* **DESCRIPTION OF THE TASK**: Where the material below has a line containing "This boho denim", start repeating exactly, and keep going through the line containing "Saving Seed: Saving", with no other lines.
DATA EXTRACT START
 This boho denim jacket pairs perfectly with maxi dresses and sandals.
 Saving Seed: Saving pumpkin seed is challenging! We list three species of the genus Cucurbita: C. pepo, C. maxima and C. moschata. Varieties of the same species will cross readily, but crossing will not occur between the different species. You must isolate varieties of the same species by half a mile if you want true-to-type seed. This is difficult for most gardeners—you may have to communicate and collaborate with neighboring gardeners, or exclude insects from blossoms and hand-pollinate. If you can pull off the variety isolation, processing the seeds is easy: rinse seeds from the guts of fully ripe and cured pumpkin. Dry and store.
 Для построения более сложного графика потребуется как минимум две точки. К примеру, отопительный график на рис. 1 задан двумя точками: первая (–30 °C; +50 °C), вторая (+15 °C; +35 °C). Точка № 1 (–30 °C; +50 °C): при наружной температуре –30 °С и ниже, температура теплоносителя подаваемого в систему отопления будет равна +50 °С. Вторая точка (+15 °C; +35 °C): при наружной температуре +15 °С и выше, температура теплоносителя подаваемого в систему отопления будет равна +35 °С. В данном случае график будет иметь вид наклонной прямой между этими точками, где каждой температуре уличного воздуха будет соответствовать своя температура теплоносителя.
DATA EXTRACT END
DATA EXTRACT START
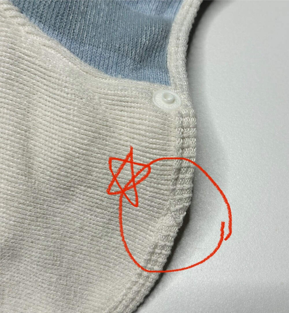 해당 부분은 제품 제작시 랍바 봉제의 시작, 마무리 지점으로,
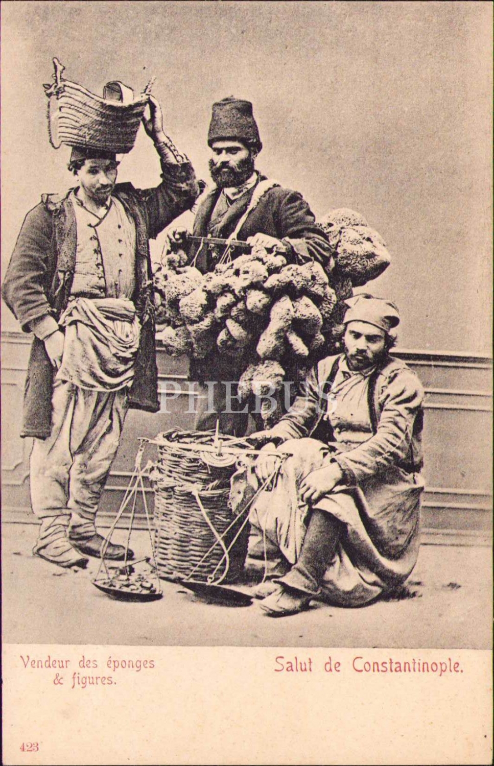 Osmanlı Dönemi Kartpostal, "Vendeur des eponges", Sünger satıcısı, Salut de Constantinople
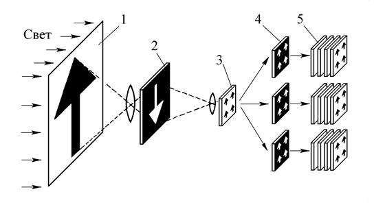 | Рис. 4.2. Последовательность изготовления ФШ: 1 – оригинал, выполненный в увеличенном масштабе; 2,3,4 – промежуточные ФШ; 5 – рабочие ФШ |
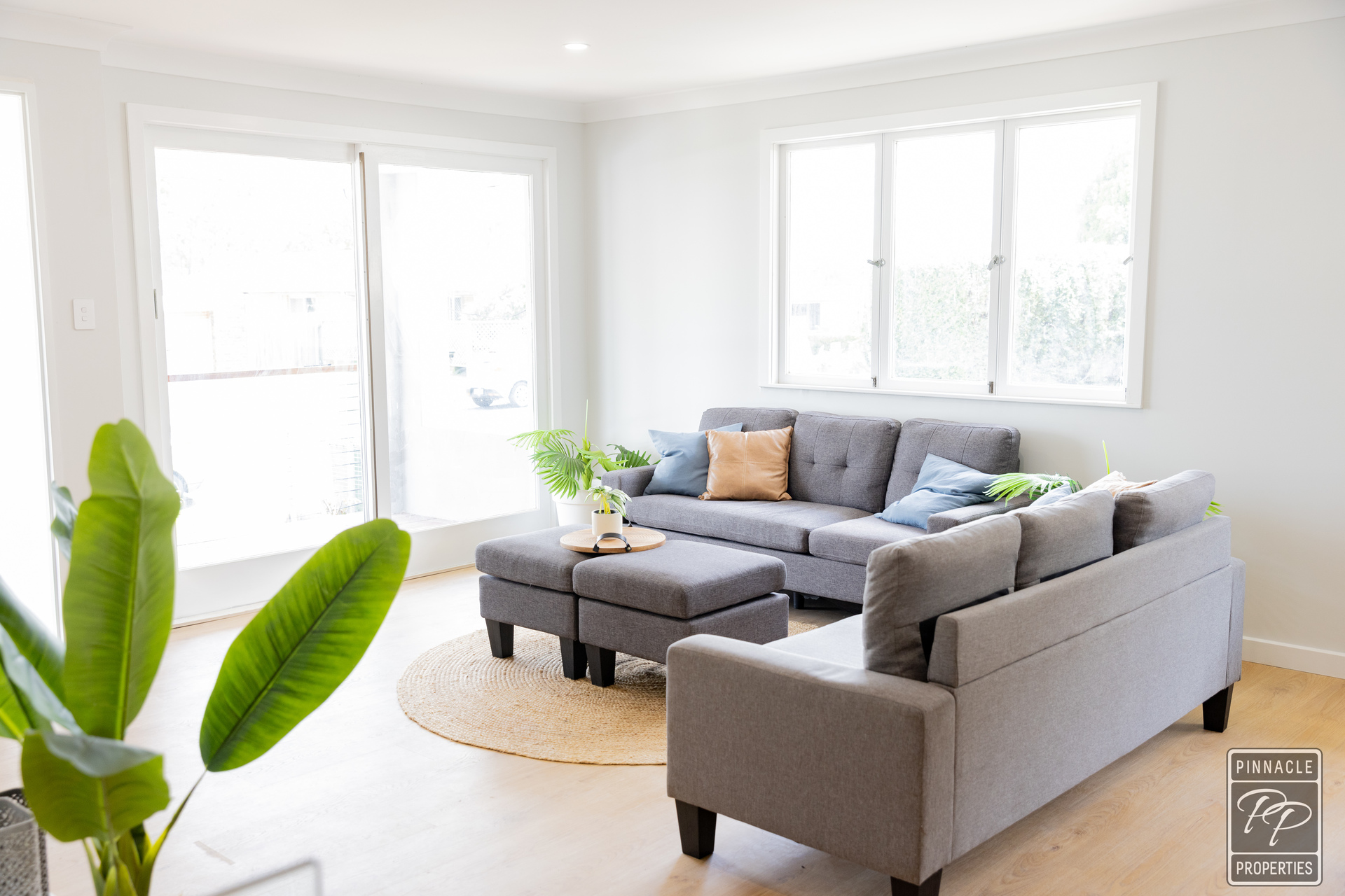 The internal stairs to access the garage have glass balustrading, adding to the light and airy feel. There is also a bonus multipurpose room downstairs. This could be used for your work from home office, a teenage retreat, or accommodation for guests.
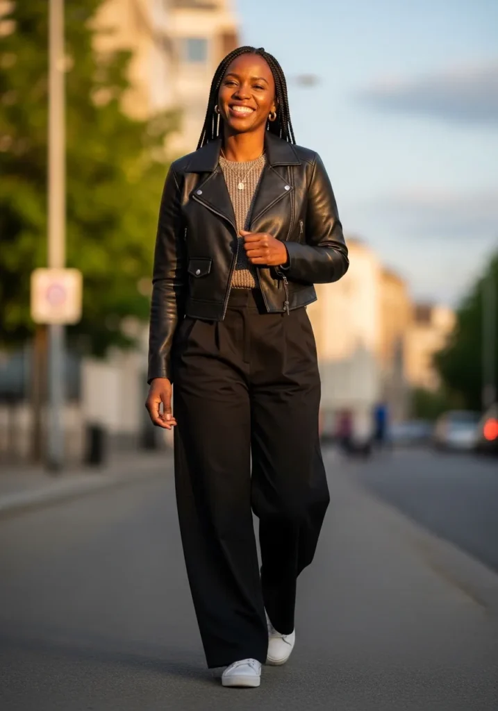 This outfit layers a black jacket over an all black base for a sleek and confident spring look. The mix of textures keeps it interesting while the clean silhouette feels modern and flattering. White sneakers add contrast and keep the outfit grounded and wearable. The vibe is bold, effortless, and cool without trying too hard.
DATA EXTRACT END
* **EXERCISE RESULT**:
 This boho denim jacket pairs perfectly with maxi dresses and sandals.
 Saving Seed: Saving pumpkin seed is challenging! We list three species of the genus Cucurbita: C. pepo, C. maxima and C. moschata. Varieties of the same species will cross readily, but crossing will not occur between the different species. You must isolate varieties of the same species by half a mile if you want true-to-type seed. This is difficult for most gardeners—you may have to communicate and collaborate with neighboring gardeners, or exclude insects from blossoms and hand-pollinate. If you can pull off the variety isolation, processing the seeds is easy: rinse seeds from the guts of fully ripe and cured pumpkin. Dry and store.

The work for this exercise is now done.